§ Dataset section
-------
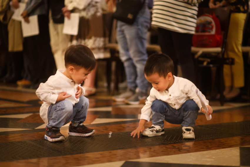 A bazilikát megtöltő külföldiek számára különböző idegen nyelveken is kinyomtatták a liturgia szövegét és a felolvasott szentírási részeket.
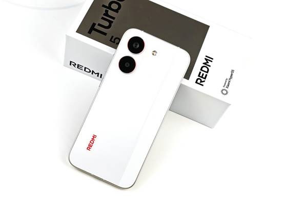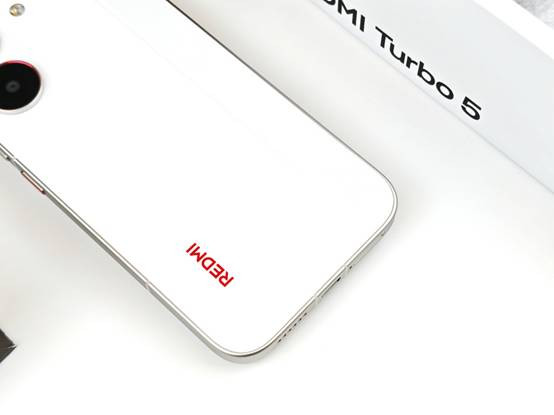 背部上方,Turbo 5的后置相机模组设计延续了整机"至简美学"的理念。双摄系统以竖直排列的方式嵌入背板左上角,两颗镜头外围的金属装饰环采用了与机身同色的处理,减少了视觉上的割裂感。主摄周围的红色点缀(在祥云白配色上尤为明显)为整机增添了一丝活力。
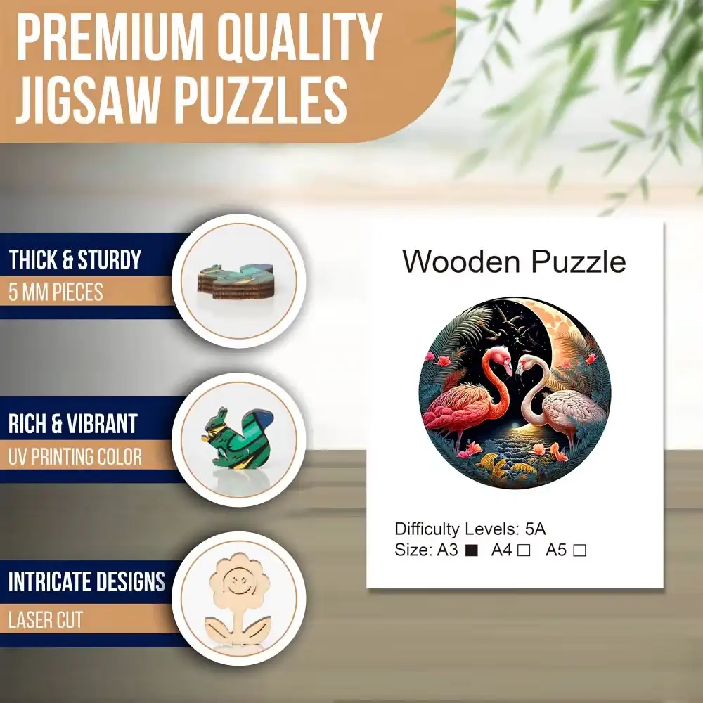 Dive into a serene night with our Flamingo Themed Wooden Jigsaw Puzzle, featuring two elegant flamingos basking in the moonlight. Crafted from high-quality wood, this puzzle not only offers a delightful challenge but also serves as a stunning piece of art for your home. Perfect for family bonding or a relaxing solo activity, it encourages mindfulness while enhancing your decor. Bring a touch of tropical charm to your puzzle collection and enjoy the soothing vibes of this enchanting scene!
-------
§ What is being asked
From the line containing "背部上方,Turbo 5的后" down to the last line of the data, print every line exactly and nothing else. Pictures stay out of the copy.

§ Answer for the task
 背部上方,Turbo 5的后置相机模组设计延续了整机"至简美学"的理念。双摄系统以竖直排列的方式嵌入背板左上角,两颗镜头外围的金属装饰环采用了与机身同色的处理,减少了视觉上的割裂感。主摄周围的红色点缀(在祥云白配色上尤为明显)为整机增添了一丝活力。
 Dive into a serene night with our Flamingo Themed Wooden Jigsaw Puzzle, featuring two elegant flamingos basking in the moonlight. Crafted from high-quality wood, this puzzle not only offers a delightful challenge but also serves as a stunning piece of art for your home. Perfect for family bonding or a relaxing solo activity, it encourages mindfulness while enhancing your decor. Bring a touch of tropical charm to your puzzle collection and enjoy the soothing vibes of this enchanting scene!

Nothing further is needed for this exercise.